В кухне я узнал страшную правду.
Уже два дня Юля замечала, что Бой не ест из общей миски. Немного похлебает и исчезает. Из окна кухни она проследила, как он прокрадывается за поросячий хлев на опушке леса и как потом облизывается, возвращаясь обратно. Утром она пошла за ним, но Бой ее заметил, обогнул с невинным видом хлев и вернулся к миске. Но только Юля не дала ему есть. А потом рассказала обо всем отцу. Голодный Бой через полчаса снова отправился к лесу и налетел прямо на отца, поджидавшего его за хлевом. Бой не учуял отца, стоявшего против ветра, ловко разгреб снег и, пристроившись к мясу, приготовился спокойно поесть. Когда отец оттащил его, Бой впервые в жизни оскалил на него зубы. Страж делает это частенько и на кого угодно, кроме отца. Бой никогда ни на кого не ворчит и зубы не скалит, а тут вдруг на отца!
Сбесился! Наверняка сбесился, бродяга несчастный!
Я выбежал на крыльцо и поглядел на Боя, сидящего на цепи. Вид у него был кроткий и несчастный. Увидев меня, он жалобно заскулил, прося, чтобы я освободил его. Сиди, сиди, кровожадная собака! От меня пощады не жди!
Так и осталось загадкой, откуда Бой взял эту серну. Или сам ее поймал, или нашел ее, убитую браконьерами. Не удалось установить, откуда он ее приволок, а потом так хитро зарыл в сугроб. Теперь почти каждый день идет снег.
— Может, это был только один кусок? — сказал я. — Ведь мы обнаружили только ногу.

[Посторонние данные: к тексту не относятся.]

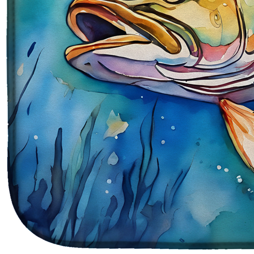 Dish Drying Mat featuring breed specific Striped Bass artwork. Say goodbye to messy countertops and soggy dish towels with our innovative dish drying mat. Our high-quality dish drying pad is designed to keep your countertops dry while offering a stylish and efficient solution. Whether you're air drying dishes, glasses, stemware, silverware, pots, pans, bottles, or even fruits and vegetables, our dish mat is the perfect choice. The 14 inches x 22 inches size fits most counters and dish drying racks, and the non-slip design ensures stability. Made with water-absorbent polyester and a polyurethane foam insert, our dish drying mat is not only functional but also durable. It's machine washable and printed in the USA for long-lasting use. The beautiful artwork adds flair to your kitchen decor, making it a perfect housewarming gift or present for any occasion. Upgrade your kitchen experience with our absorbent and versatile dish drying mat.

— Неважно, — проворчал отец, подошел к Бою, дал ему понюхать кусок мяса и как следует отодрал ремнем.
Он повторял порку почти каждый час или еще чаще.
— Теперь посмотрим, — кричал он, — выбью ли я из тебя мясоедские замашки! А если нет, прощайся с жизнью, шакал несчастный! Гиены мне не нужны. Или станешь снова благородным псом, или застрелю тебя в каменоломне!
Я испугался, хотя не верил никак, что Бой сам задрал серну. Может, он ее просто нашел? Он, конечно, не должен есть сырое мясо, но за находку еще никто не заслуживал пули!
— Вот видишь, — сказал я ему, когда отец отошел. — На кой тебе это было нужно? Плюнь ты на мясо или прощайся с жизнью! Так разозлить хозяина! Не смей набрасываться на все, что находишь!
Я взял мясо, сунул ему под нос, чтобы он лучше понял, что я говорю. Но Бой уже так боялся этого запаха, что сразу забился под ступеньки и глядел на меня оттуда жалкими глазами. Казалось, он сейчас заплачет.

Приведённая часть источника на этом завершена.